[About this exercise]: Pull every line containing "that" from the listing below.

"""

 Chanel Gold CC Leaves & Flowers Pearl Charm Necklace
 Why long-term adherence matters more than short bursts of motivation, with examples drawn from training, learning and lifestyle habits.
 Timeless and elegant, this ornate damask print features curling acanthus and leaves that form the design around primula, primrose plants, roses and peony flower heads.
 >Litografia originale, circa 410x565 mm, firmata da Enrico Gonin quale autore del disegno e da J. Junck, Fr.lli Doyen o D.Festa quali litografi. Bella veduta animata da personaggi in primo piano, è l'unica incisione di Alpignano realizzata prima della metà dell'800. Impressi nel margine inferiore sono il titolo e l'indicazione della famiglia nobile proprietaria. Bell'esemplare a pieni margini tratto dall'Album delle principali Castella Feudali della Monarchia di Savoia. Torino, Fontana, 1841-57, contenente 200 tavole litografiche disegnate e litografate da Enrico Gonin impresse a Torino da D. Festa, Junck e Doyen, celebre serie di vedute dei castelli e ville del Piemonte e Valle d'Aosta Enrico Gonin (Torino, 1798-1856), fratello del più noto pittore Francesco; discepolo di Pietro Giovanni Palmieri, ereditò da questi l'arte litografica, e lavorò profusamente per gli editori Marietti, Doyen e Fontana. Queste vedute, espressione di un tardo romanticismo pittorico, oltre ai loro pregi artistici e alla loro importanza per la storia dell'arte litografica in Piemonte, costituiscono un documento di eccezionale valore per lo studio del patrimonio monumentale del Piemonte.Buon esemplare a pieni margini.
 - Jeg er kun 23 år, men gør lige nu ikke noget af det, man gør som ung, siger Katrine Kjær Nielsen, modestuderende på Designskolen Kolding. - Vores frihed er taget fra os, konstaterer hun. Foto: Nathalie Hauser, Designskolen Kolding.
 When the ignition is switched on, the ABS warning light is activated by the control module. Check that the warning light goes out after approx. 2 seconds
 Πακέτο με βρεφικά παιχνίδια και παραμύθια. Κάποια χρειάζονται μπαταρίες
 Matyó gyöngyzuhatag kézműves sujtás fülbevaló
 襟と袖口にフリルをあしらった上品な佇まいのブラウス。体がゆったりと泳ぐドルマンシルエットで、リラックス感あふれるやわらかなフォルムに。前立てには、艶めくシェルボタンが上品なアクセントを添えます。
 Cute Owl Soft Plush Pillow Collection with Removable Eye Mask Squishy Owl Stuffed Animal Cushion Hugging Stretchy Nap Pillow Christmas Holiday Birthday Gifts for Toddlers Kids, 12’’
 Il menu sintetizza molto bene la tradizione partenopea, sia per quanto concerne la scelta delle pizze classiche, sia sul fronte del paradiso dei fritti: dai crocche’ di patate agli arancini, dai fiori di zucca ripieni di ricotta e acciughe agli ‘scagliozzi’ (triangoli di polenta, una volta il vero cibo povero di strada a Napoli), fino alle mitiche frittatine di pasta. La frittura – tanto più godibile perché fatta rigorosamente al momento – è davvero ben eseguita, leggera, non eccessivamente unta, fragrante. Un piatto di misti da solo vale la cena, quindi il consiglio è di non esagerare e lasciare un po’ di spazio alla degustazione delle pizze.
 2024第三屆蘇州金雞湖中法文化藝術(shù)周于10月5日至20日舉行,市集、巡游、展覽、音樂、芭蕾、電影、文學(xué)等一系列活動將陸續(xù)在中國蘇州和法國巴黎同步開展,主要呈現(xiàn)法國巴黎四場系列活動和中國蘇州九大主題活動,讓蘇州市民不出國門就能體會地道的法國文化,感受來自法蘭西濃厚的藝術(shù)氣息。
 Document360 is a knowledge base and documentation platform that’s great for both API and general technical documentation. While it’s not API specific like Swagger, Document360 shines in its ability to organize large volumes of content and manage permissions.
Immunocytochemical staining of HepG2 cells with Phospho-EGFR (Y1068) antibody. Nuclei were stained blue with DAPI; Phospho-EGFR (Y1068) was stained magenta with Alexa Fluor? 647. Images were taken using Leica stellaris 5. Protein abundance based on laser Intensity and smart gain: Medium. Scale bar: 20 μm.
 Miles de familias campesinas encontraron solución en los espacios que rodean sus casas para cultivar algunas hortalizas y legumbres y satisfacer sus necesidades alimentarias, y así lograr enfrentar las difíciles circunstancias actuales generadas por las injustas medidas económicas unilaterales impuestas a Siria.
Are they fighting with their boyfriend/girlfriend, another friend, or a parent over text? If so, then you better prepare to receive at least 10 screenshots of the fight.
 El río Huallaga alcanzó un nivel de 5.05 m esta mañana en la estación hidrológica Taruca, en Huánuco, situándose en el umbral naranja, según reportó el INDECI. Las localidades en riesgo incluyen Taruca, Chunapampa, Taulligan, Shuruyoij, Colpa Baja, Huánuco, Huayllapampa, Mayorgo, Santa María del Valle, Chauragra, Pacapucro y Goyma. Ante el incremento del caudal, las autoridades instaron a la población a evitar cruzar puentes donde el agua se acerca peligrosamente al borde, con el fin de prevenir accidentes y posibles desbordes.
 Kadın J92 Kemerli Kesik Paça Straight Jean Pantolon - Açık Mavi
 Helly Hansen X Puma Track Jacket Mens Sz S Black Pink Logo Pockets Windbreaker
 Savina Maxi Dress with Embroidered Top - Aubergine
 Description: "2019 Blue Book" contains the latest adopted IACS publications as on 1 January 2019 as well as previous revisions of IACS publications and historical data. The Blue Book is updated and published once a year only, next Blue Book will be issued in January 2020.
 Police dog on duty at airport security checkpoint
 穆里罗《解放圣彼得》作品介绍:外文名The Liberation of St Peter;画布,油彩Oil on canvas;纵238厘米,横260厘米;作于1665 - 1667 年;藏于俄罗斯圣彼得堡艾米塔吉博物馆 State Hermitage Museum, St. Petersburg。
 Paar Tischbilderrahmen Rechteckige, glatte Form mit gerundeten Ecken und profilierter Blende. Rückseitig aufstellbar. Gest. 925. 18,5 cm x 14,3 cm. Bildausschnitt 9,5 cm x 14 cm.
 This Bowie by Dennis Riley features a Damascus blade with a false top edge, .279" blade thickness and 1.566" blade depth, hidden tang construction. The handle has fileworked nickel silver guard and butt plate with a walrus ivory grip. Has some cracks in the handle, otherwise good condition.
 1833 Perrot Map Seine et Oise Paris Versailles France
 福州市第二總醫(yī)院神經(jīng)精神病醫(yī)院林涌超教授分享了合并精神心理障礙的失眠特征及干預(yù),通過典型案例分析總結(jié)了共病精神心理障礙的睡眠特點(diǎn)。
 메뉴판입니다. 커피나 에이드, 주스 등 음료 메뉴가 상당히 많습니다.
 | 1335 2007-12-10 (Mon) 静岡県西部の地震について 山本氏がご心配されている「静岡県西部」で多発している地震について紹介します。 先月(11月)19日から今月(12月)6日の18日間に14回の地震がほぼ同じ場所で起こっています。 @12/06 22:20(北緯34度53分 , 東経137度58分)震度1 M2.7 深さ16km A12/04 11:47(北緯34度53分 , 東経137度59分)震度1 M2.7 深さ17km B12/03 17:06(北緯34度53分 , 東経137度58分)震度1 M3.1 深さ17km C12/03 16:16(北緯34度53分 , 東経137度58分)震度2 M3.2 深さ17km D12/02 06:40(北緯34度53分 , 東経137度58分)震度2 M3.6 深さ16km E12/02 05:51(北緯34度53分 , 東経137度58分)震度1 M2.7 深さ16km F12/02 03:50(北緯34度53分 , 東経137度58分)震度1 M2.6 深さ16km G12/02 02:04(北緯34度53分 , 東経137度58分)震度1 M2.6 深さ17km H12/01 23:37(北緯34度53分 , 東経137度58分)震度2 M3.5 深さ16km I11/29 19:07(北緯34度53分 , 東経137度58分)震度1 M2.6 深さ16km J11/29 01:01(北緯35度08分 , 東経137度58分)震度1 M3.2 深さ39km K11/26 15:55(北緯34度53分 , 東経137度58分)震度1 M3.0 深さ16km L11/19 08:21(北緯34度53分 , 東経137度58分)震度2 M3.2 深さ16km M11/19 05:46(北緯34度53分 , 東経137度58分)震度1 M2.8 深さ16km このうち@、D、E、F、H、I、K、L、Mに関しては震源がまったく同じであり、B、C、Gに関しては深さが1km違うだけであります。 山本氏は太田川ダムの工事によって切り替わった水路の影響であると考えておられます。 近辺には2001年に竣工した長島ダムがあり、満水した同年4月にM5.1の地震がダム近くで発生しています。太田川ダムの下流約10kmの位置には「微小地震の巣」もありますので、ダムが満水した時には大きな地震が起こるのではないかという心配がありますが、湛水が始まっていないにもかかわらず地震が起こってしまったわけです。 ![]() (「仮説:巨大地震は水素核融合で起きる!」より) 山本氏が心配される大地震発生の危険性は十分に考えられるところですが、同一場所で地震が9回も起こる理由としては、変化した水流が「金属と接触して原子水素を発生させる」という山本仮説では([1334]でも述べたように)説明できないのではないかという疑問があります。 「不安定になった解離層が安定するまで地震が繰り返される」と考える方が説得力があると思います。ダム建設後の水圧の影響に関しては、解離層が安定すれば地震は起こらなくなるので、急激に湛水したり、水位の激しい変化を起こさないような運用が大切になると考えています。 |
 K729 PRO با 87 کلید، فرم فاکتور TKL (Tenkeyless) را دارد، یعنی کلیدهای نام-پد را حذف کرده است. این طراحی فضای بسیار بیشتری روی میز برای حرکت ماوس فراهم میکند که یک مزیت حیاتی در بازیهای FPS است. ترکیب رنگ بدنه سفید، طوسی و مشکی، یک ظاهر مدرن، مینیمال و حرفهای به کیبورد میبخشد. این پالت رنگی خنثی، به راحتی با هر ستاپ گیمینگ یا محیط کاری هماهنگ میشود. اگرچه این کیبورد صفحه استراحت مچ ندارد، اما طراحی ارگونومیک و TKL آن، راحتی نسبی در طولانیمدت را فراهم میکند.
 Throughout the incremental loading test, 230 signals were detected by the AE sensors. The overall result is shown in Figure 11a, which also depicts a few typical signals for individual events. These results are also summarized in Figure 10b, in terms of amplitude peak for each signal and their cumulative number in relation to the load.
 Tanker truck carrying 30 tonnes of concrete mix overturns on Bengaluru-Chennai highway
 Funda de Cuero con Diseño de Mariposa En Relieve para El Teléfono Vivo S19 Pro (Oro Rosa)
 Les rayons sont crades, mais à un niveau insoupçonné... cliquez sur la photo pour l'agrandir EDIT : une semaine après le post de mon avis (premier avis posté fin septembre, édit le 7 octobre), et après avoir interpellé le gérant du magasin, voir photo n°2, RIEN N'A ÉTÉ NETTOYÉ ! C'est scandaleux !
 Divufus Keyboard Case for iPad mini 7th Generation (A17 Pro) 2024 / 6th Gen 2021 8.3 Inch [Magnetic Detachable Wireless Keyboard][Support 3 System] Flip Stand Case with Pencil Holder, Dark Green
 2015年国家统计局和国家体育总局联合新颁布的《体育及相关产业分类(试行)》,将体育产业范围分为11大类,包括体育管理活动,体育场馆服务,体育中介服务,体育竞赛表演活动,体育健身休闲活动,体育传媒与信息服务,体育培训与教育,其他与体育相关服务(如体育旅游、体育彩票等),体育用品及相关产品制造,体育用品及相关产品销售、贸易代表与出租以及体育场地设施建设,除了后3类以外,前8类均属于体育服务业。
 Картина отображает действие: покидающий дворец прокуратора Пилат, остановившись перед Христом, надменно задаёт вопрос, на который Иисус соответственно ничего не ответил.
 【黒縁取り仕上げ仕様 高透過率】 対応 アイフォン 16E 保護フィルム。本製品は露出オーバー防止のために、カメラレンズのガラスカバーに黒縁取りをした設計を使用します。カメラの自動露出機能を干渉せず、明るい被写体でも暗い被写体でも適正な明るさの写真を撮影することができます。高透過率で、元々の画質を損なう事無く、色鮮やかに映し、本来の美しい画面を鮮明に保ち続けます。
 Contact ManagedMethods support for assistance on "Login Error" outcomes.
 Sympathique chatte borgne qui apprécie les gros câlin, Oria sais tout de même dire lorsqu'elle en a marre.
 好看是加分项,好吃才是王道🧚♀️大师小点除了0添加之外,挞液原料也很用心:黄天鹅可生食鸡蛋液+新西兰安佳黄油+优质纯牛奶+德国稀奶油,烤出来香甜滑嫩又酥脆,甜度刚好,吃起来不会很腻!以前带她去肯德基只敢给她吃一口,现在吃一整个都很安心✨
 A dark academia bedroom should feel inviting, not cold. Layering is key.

"""

[Answer to the problem]:
 Timeless and elegant, this ornate damask print features curling acanthus and leaves that form the design around primula, primrose plants, roses and peony flower heads.
 When the ignition is switched on, the ABS warning light is activated by the control module. Check that the warning light goes out after approx. 2 seconds
 Document360 is a knowledge base and documentation platform that’s great for both API and general technical documentation. While it’s not API specific like Swagger, Document360 shines in its ability to organize large volumes of content and manage permissions.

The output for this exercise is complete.